- Opening Delimiter -

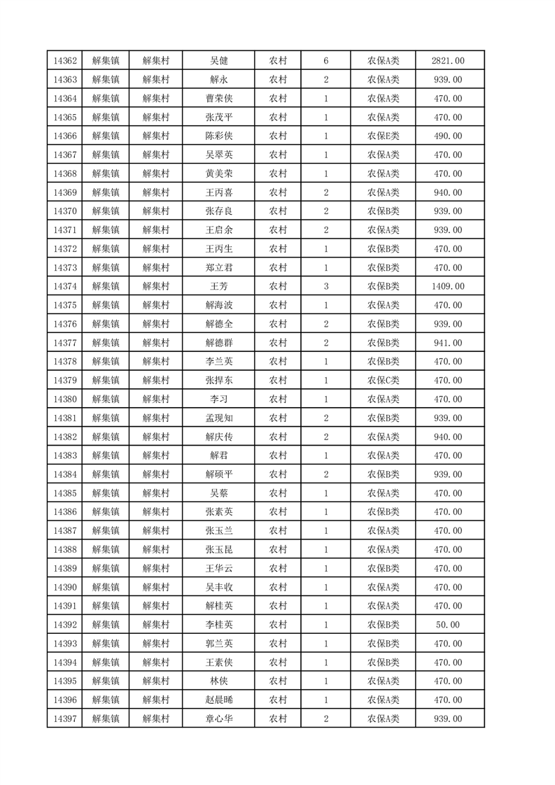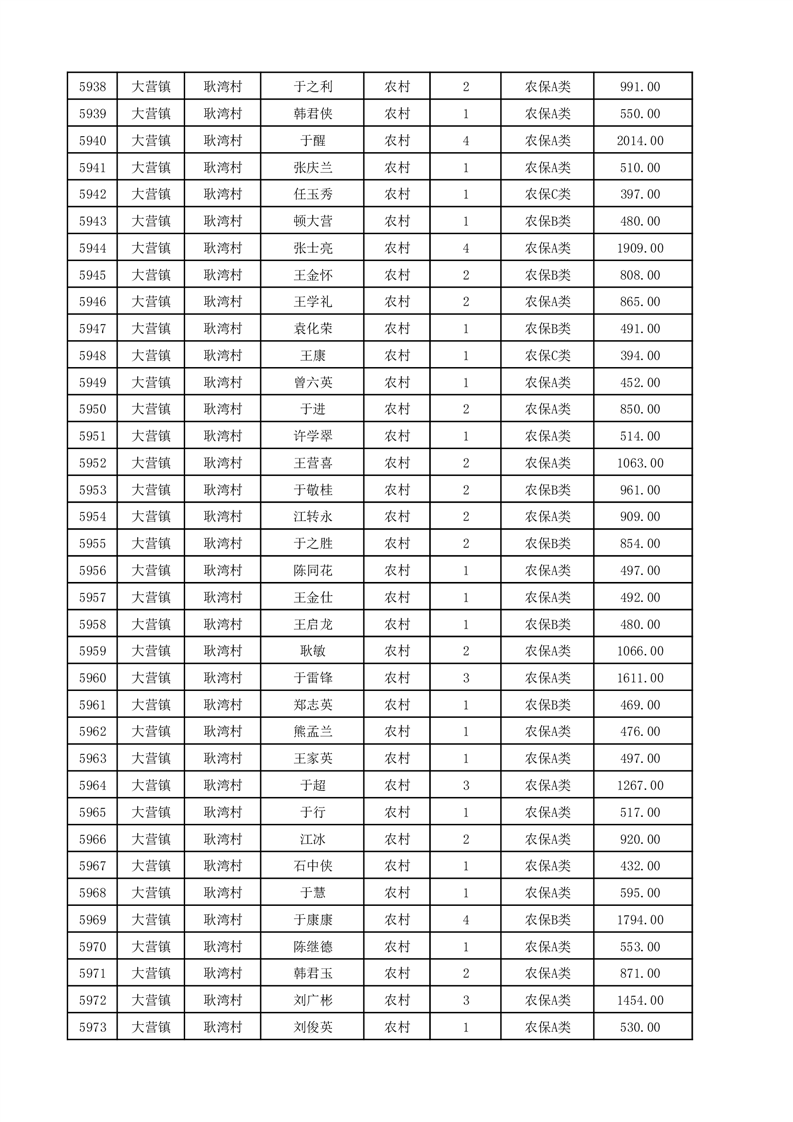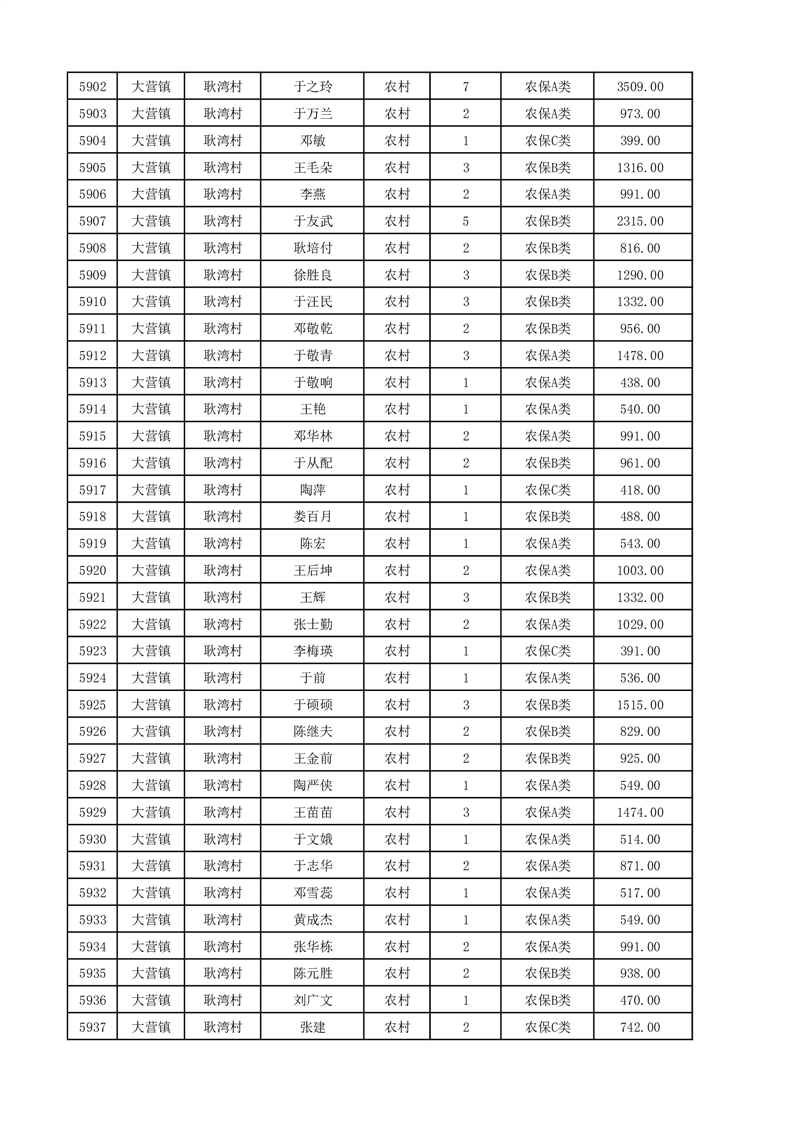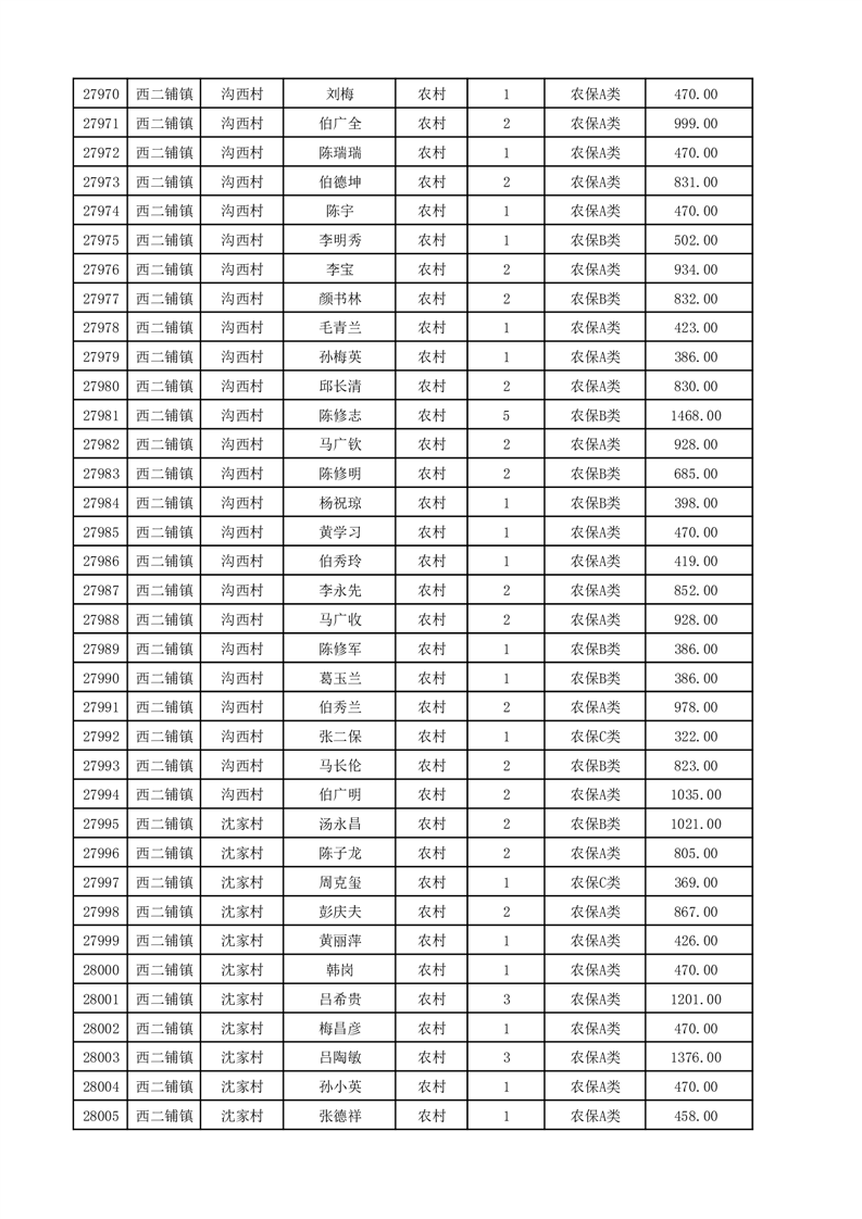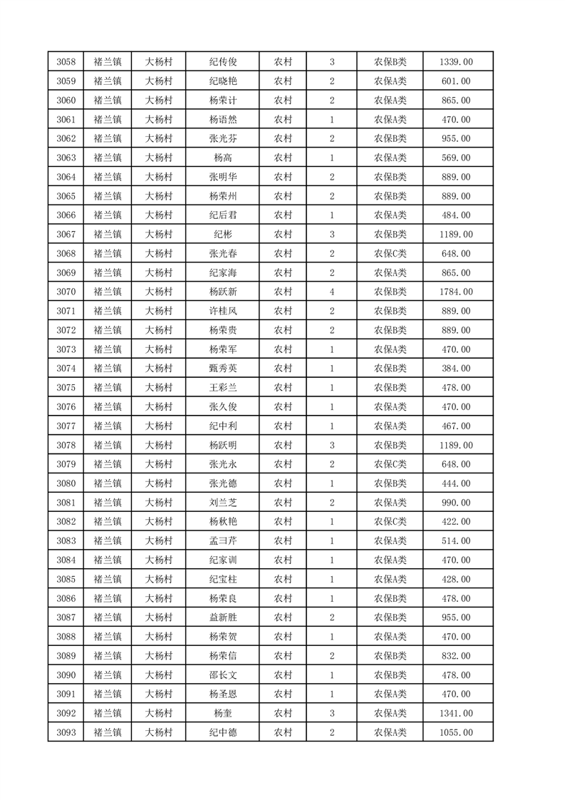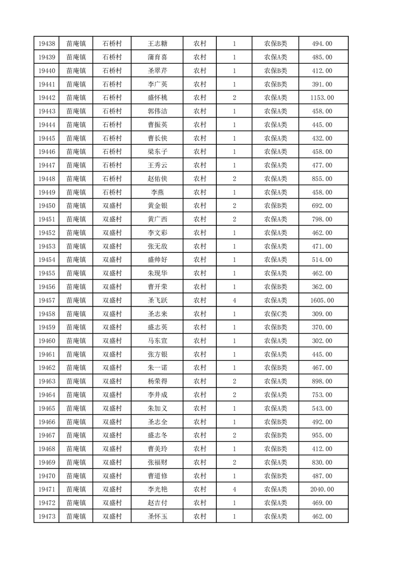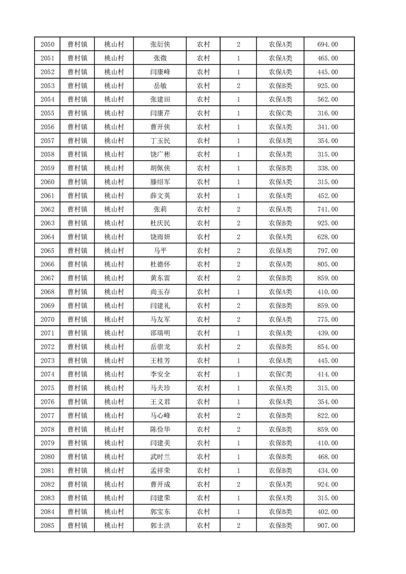 埇桥区2025年12月份农村低保花名册
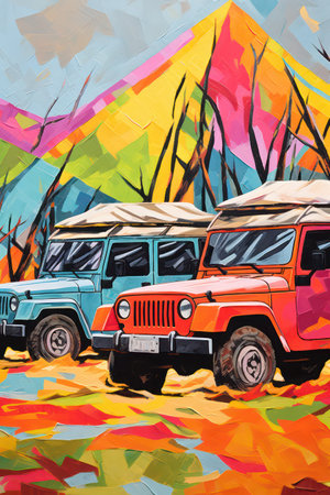Oil painting of four-wheel drive jeep on the background of autumn forest.
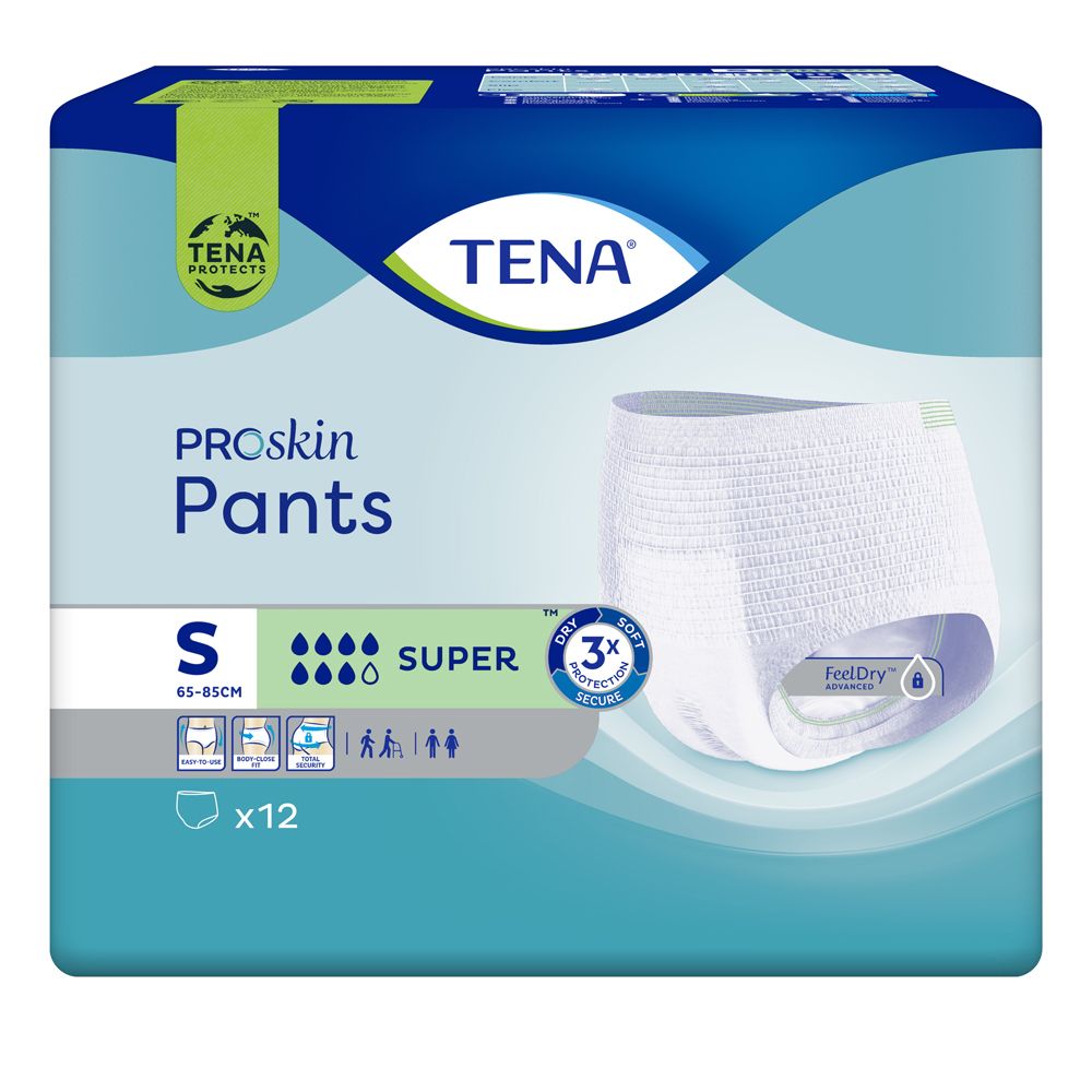 TENA ProSkin Pants Super sono mutandine assorbenti monouso morbide e confortevoli studiate sia per lui che per lei. Sono realizzate con avanzate tecnologie di riduzione dell'umidità per offrire sensazione di asciutto, protezione contro le perdite e controllo degli odori. Per offrire un'elevata protezione, la tecnologia FeelDry Advanced™ allontana rapidamente i liquidi dalla superficie, mentre il nucleo ad assorbimento rapido isola all'istante l'urina, anche in grandi quantità, per offrire una sensazione di asciutto preservando il benessere della cute. Realizzate con materiali traspiranti simili al tessuto, queste mutandine assorbenti monouso offrono la stessa vestibilità della normale biancheria intima, favorendo uno stile di vita attivo e indipendente. Le mutandine TENA ProSkin Pants sono disponibili in diverse taglie e livelli di assorbenza.
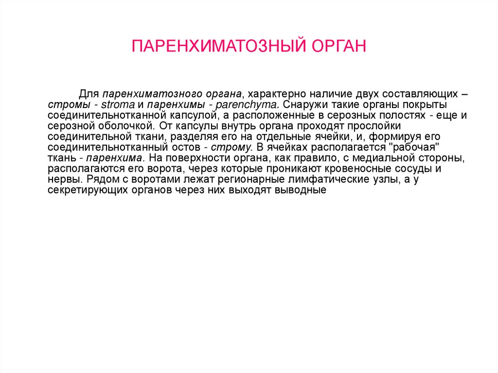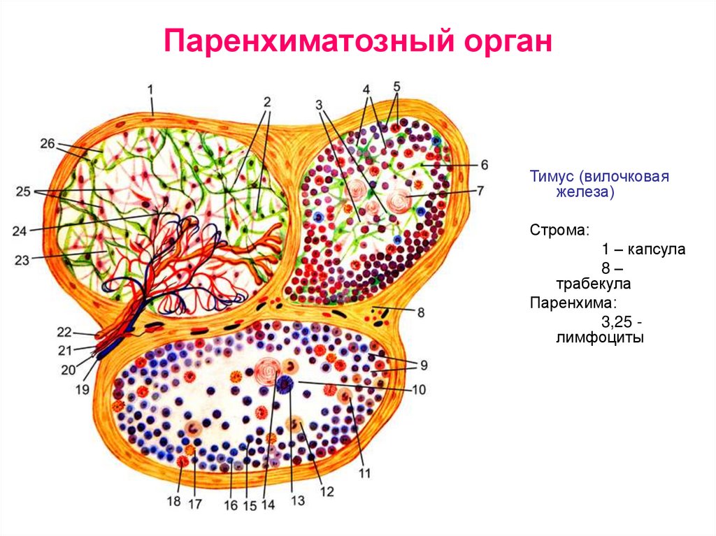 Поверхность железы покрыта соединительнотканной капсулой, содержащей гладкомышечные волокна. Капсула проникает внутрь органа, разделяя его
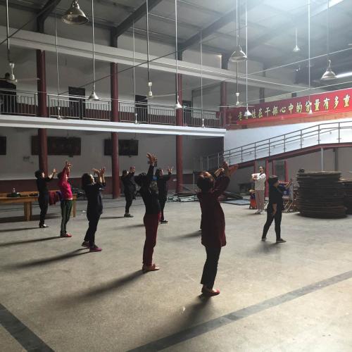 永中街道龙锦社区在文化礼堂开展中老年人健身操活动

- Closing Delimiter -

Assignment –
Retype the data word for word and keep the pictures out of it.

Solution to this task –
 埇桥区2025年12月份农村低保花名册
Oil painting of four-wheel drive jeep on the background of autumn forest.
 TENA ProSkin Pants Super sono mutandine assorbenti monouso morbide e confortevoli studiate sia per lui che per lei. Sono realizzate con avanzate tecnologie di riduzione dell'umidità per offrire sensazione di asciutto, protezione contro le perdite e controllo degli odori. Per offrire un'elevata protezione, la tecnologia FeelDry Advanced™ allontana rapidamente i liquidi dalla superficie, mentre il nucleo ad assorbimento rapido isola all'istante l'urina, anche in grandi quantità, per offrire una sensazione di asciutto preservando il benessere della cute. Realizzate con materiali traspiranti simili al tessuto, queste mutandine assorbenti monouso offrono la stessa vestibilità della normale biancheria intima, favorendo uno stile di vita attivo e indipendente. Le mutandine TENA ProSkin Pants sono disponibili in diverse taglie e livelli di assorbenza.
 Поверхность железы покрыта соединительнотканной капсулой, содержащей гладкомышечные волокна. Капсула проникает внутрь органа, разделяя его
 永中街道龙锦社区在文化礼堂开展中老年人健身操活动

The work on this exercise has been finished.